The robbery with aggravating circumstances
[18] The fact that I have already spent a considerable amount analysing the existence of substantial and compelling circumstances there is no need to repeat that which I have already said. All of these crimes flowed from one set of circumstances beginning with the two rapes and culminating with the three counts of attempted murder. It would be appropriate therefore to sentence Mr Birch to a term of imprisonment of 15 years for the crimes of robbery with aggravating circumstances and accordingly I sentence him to seven years on each count of attempted arson and the three counts of attempted murder.
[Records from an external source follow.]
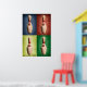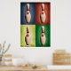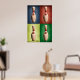 An artistic photograph of four antique Kingpin bowling pins, in a four panel display of textured background. Iconic and Retro bowling pins for the man cave.
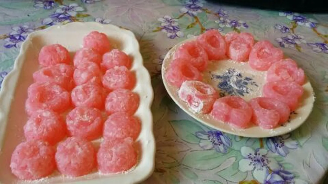 - إخراج الحلقوم من الثلاجة، ثمّ تقطيعه إلى مربعات صغيرة الحجم، وبعدها تزيينه بالسكر الناعم، والكمية المتبقية من النشا، ويقدم.
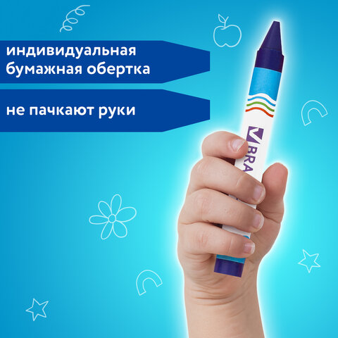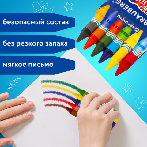Рисование восковыми мелками BRAUBERG способствует развитию мелкой моторики рук, воображения и помогает формировать цветовое восприятие. Идеальны для рисования на бумаге любого типа, а также дереве, картоне и стекле.
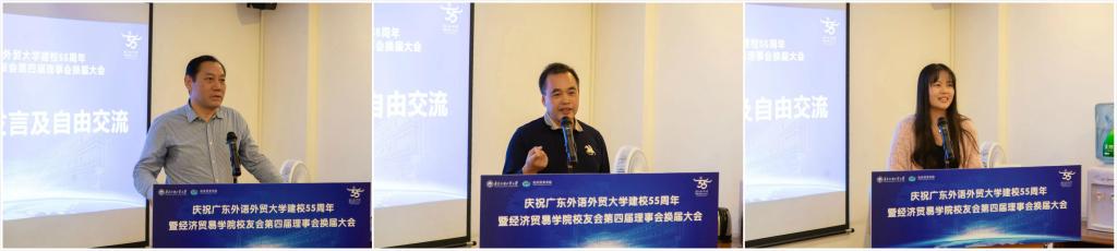 在校友代表发言及自由交流环节,新任名誉会长李作雄(84级)、蓝斌男(89级)、曾德祥(89级)、副会长陈秉霖(86级)等人都表达了对母校母院的热爱之情,并一致表示只要学校学院有需要,校友们一定全力以赴,助力建设。教师代表沈伯明也对多年来为经贸学院建设出资出力的校友们表达了感谢和祝福。经贸学院第四届理事会换届大会在校友师生们的自由交流中圆满结束。

[19] These were the final acts Mr Birch in his spree of madness which began with the rape of Nicola Clayton and ended with throwing a petrol bomb through a house occupied by three people. In my view, these are serious offences, on their own they would necessitate a serious sentence of imprisonment, even though I should emphasise that notwithstanding Mr Birch's long list of convictions, none of them are for acts of violence and all of them are for the use of drugs. In the circumstances, taking all of these convictions into account would be a term of imprisonment of six years.
[20] To summarise thus, the Court has sentenced Mr Birch on each count of rape to a term of imprisonment of 20 years; to a term of imprisonment of seven and a half years for the two counts of robbery with aggravating circumstances and a term of imprisonment for six years for the attempted arson taken together with three counts of attempted murder, all of these sentences to run concurrently.
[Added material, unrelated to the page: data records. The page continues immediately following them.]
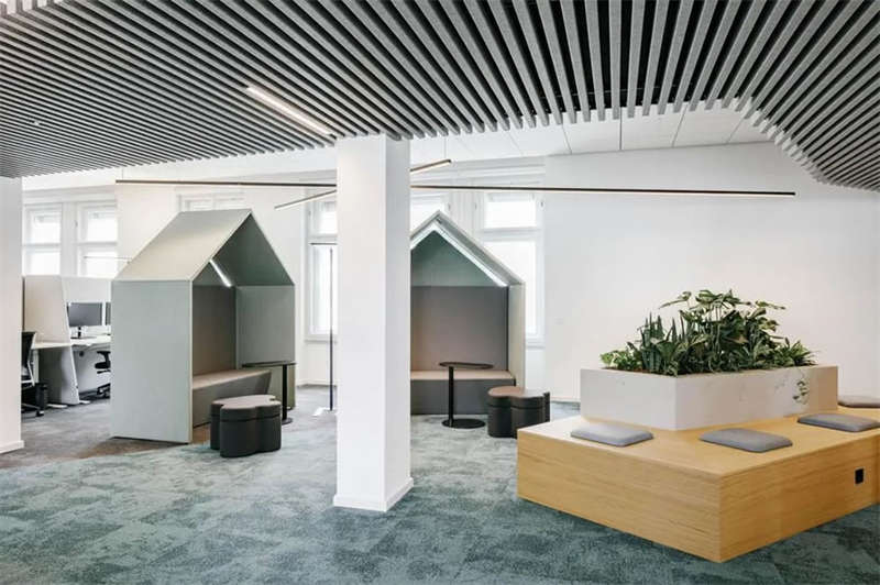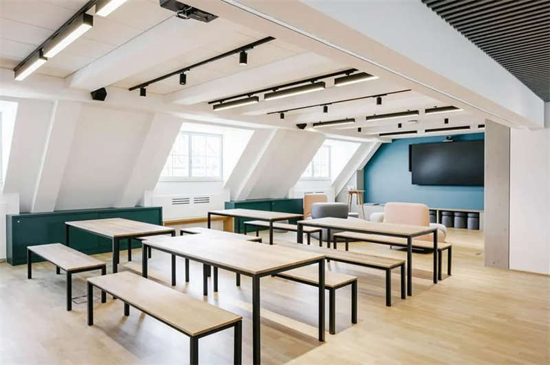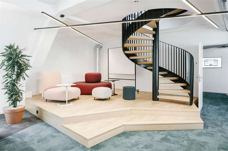 在與客戶的密切合作以及對(duì)方員工的積極參與下,設(shè)計(jì)師成功創(chuàng)建了一處精彩的工作空間,在這里,人們可以集中精力專注工作,也可以隨時(shí)隨地進(jìn)行各種不同的協(xié)作、交流、互動(dòng)和頭腦風(fēng)暴。各種不同主題的廳廊空間、靈活多元的協(xié)作空間、以及巨大的屋頂露臺(tái),讓這處空間變得獨(dú)一無二。空間隨著人們的移動(dòng)不斷變化著景觀視線和功能場景,豐富而精彩的設(shè)計(jì)讓這里步移景異,充滿驚喜和樂趣。
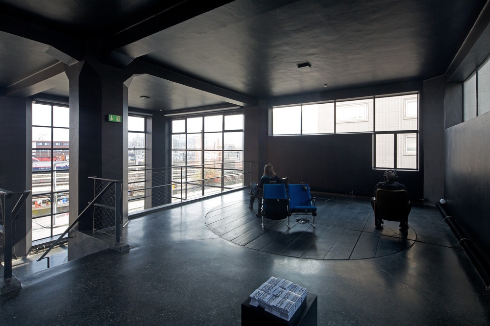 Zentrales Moment des gemeinsam entwickelten Konzepts der Ausstellung „Film Foto Foto Film“ ist die vollständige Transformation der Räume des aut – Böden, Decken und Wände – von Weiß in Schwarz, wodurch einerseits die räumliche Wahrnehmung radikal verändert und andererseits die Beziehung zwischen Innen und Außen verschoben wird. Die Ausstellungsräume als weitgehend dimensionslose Etuis werden zu einer betretbaren Black Box und der Blick auf die Umgebung wie auf die Wahrnehmung des Lichts fokussiert – jenes zentrale Moment der Medien Fotografie und Film; zumal während der Ausstellungsdauer im aut kein künstliches Licht eingesetzt wird.
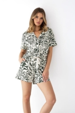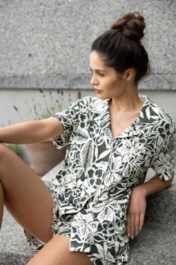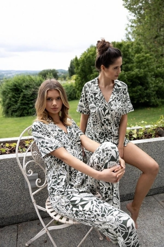 Piżama Kaylee od Sensis to elegancka i wygodna piżama damska łącząca klasyczny krój z subtelnym kwiatowym printem w kolorach khaki i ecru. Wykonana z wysokiej jakości wiskozy, jest miękka i przyjemna dla skóry.
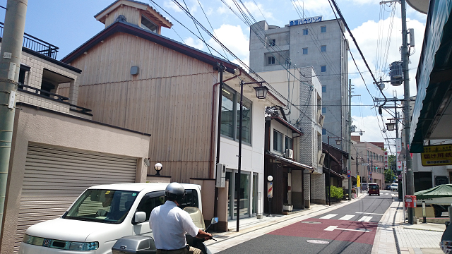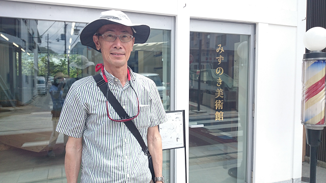 旅館を出た後、すぐ近くのみずのき美術館を訪問した。商店街をゆっくりと通るが、どこに美術館があるのかわからない。パーキングに止めて、歩いて探しに行く。商店街の散髪屋のとなりに、控えめな看板を見つけた。隣の民家らしい建物に、みずのき美術館と書いてある。
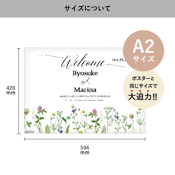 フラットなフォルムにデザインが大きく入るA2サイズのパネルは、ゲストをお出迎えするウェルカムボードとしてピッタリです!
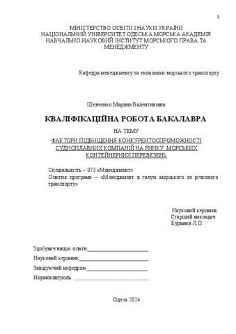 Шевченко, Марина (2024) Фактори підвищення конкурентоспроможності судноплавних компаній на ринку морських контейнерних перевезень. [Кваліфікаційна (дипломна) робота]

[21] There is of course the final count of assault with aggravating circumstances, again which played out in the same events, and which a term of imprisonment of four years will be imposed.
All of these sentences will run concurrently which effectively means that Mr Birch has been sentenced to an effective term of imprisonment of 20 years, although were, as he indeed he should, to spend the entire duration in prison he would have been in prison for 22 and a half years effectively given the amount of time that he has already spent in prison.
I want to make one final point before concluding and that is I am aware that Mr Birch represented himself in the difficult issue of dealing with sentence. That is not, however, a matter which was done lightly. When this matter initially came before this Court for sentence Mr Birch was represented by Mr du Toit in whom it appeared Mr Birch had lost confidence and accordingly time was given to Mr Birch to procure another legal representative, although he was warned at the time that it would be preferable to employ Mr du Toit who appeared to be extremely concerned with the welfare of Mr Birch in the event that no other legal representative was available. When the Court recommenced to hear this matter on Monday, Mr Birch persisted with his view that he did not wish Mr du Toit to represent him and after careful questioning by the Court he accepted that he finally had to go ahead representing himself. I do not consider that any injustice was done in this case in that during the hearing before the trial Court, Mr Birch was represented by experienced counsel Mr Eia and in the proceedings before me he presented his case extremely eloquently with a great degree of insight and revealed a considerable measure of legal preparation in the presentation of argument before me. He objected to a number of aspects in the probation officer's report and which I have not taken account of any aspect of that report to which Mr Birch objected.
[21] Accordingly, I am satisfied that issues were ventilated before this Court in a free, fair, reasonable and just manner.